In a world of magnets and miracles

The crowd was in frenzy. Each one wanted to pronounce the sentence. After all, she was a
pickpocket; she had committed a crime usually awarded with an amputation penalty in some
countries. Why should it be any different here?

The train crawled into the station. The crowd had managed to get a TTE to keep the
proceedings going. She looked all of eight. As she was whisked away, tears streaking
her tiny grimy face, she caught my eye, sight mixed with terror and helplessness, and for
some reason, incredulity. In our country, as soon as we are born, we are taught the value of
obedience, obedience to our parents and elders. She too had done the same. Had she not seen
how the passengers looked at their offspring with pride as they conducted themselves in a
decent manner, or, in a manner as the parents approved? She too, had learnt from her parents,
and, in fact, had learnt the trade successfully in a short period of time. She recollected
the ‘Shabaashi’ she was awarded when she pulled the wallet out during the practice session.
Then why had she been thrashed, her parents threatened at knife point, and her prize taken
away from her? The questions, the confusion, the clash of the ideologies, it was evident on
her face.

Suddenly she felt a hand on her shoulder, a reassuring hand, she looked up to see her mother
give a curt nod as to say, “Just keep going, it is all arranged.” What was arranged?
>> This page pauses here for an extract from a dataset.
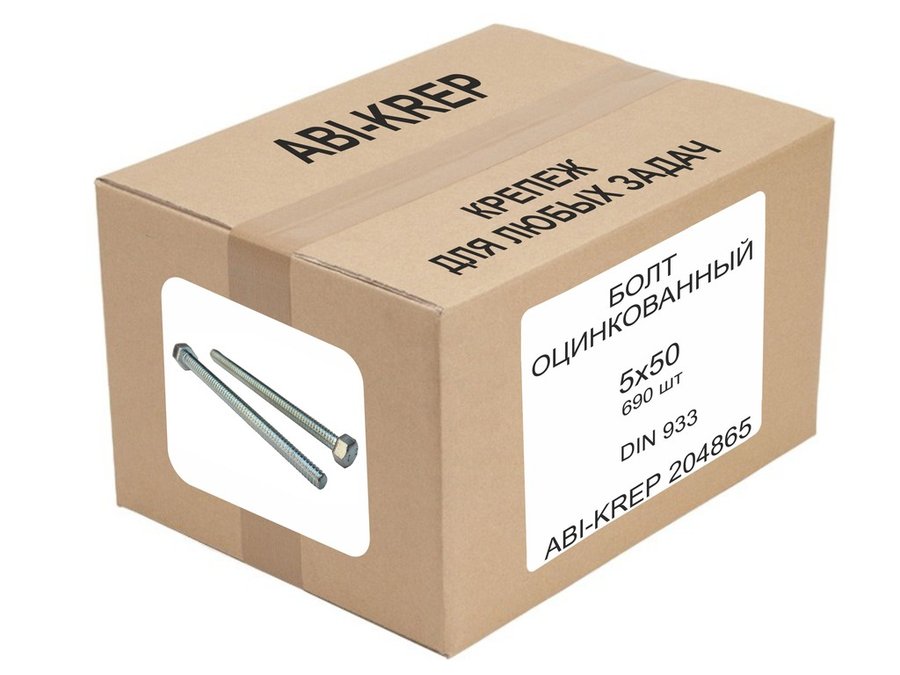 В корзину Купить в 1 клик Болт оцинкованный 5х 50 DIN 933 ( 690шт) "ABI-KREP 204865" 5кг, ключ 8мм, 1шт 7,24гр

As far as
she knew, they were going to the place where her father had disappeared four months ago.
Her mother had even stopped applying vermillion on her forehead, in reverence of the dead.
Somewhere, in her heart, she felt she would meet her father; perhaps her mother would start
wearing the tattered, but colourful saris again. Or, she thought with a shiver, they would take
her mother away this time, and leave her with her infant brother. As these doubts assailed her,
she let herself be pulled away, her immediate future uncertain, just like the next meal of the
day.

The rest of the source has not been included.